German Based Gambian Activist Frowns at Germany’s Plan to Speed Up Deportations

 By: Bakary Ceesay, in Germany  

Yahya Moro Yapha, Germany based Gambian social and human rights advocate, has strongly criticized German Cabinet approved legislation in October that is intended to ease deportations of unsuccessful asylum-seekers.

The German Cabinet approved legislation in October that is intended to ease deportations of unsuccessful asylum-seekers as Chancellor Olaf Scholz seeks to defuse migration as a political problem.

The draft legislation, which would need parliamentary approval to take effect, foresees increasing the maximum length of pre-deportation custody from 10 days to 28 and specifically facilitating the deportation of people who are members of a criminal organization.

It also would authorize residential searches for documentation that enables officials to firmly establish a person’s identity, as well as remove authorities’ obligation to give advance notice of deportations in some cases.

Yapha, the diaspora mentor at Migration Media Network, described the approved cabinet plan to speed up deportation of unsuccessful asylum seekers  as contradictory and double standards as the amount of capital and resources put into these practices puts aside the inhumane practice and the psychological damage it causes.

He explained that 60 people were deported with two costly charter flights specifically to Gambia, hundreds of thousands of the same young people knowing or unknowing takes all the risks and measures to arrive on European soil, most of whom want to come to Germany as they represent the economic potential for those migrants who one way or another are drawn into the same system in which those who arrive before them are trapped and are the victims of the so-called ‘tougher migration policy’.

He pointed out that this change nothing nor does it provide a long term solution for those facing the same dilemma of deportation.

He stressed that smart migration policies will offer smart solutions to the ongoing migration crisis if they are approached and managed intelligently.

Germany’s shelters for migrants and refugees have been filling up in recent months as significant numbers of asylum-seekers add to more than 1 million Ukrainians who have arrived since the start of Russia’s war in their homeland.

Scholz has signaled a new desire to take charge of migration issues following regional elections on Oct. 8 in which voters punished his quarrelsome three-party coalition.

Interior Minister Nancy Faeser first announced the new legislation two weeks ago. Scholz said last week that Germany needs to start deporting “on a large scale” migrants who aren’t entitled to stay.

“To protect the fundamental right to asylum, we must significantly limit irregular migration,” Faeser said Wednesday. “Those who have no right to stay must leave our country again.”

She said Germany has deported about 27% more people this year so far than a year earlier, “but there is a significant need for action.”

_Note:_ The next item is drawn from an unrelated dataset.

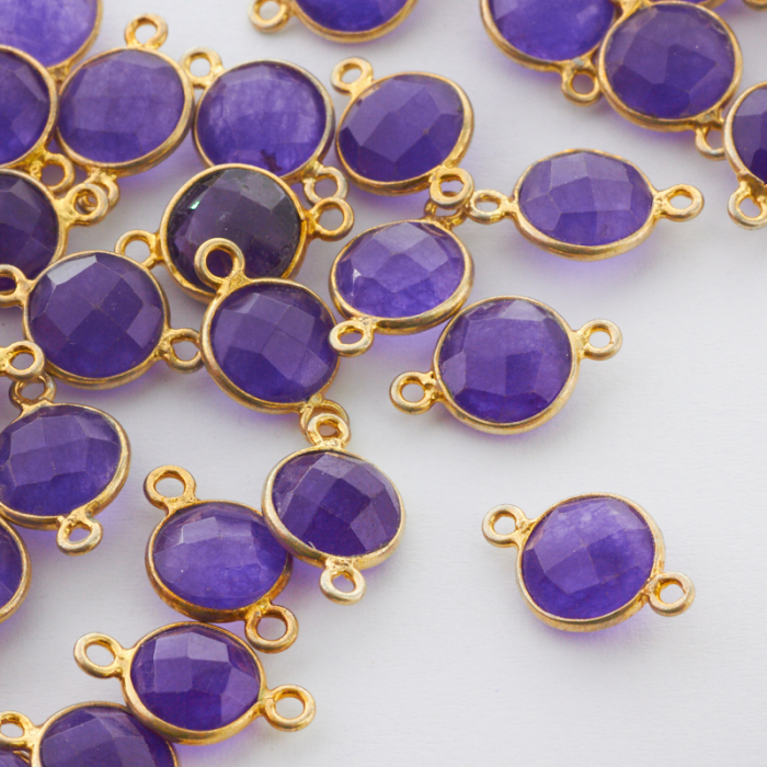 Łącznik jadeit fasetowany w okuciu pozłacanym AG925 8mm

The majority of rejected asylum-seekers in Germany still have at least temporary permission to stay for reasons that can include illness, a child with residency status or a lack of ID.

It remains to be seen how much difference the new rules will make. Deportations can fail for a variety of reasons, including those the legislation addresses but also a lack of cooperation by migrants’ home countries. Germany is trying to strike agreements with various nations to address that problem while also creating opportunities for legal immigration.

Faeser said she also wants to increase the minimum and maximum sentences for people who smuggle migrants, and hopes the Cabinet can approve those changes in early November.

She said she plans to extend by at least 20 days checks on Germany’s borders with Poland, the Czech Republic and Switzerland.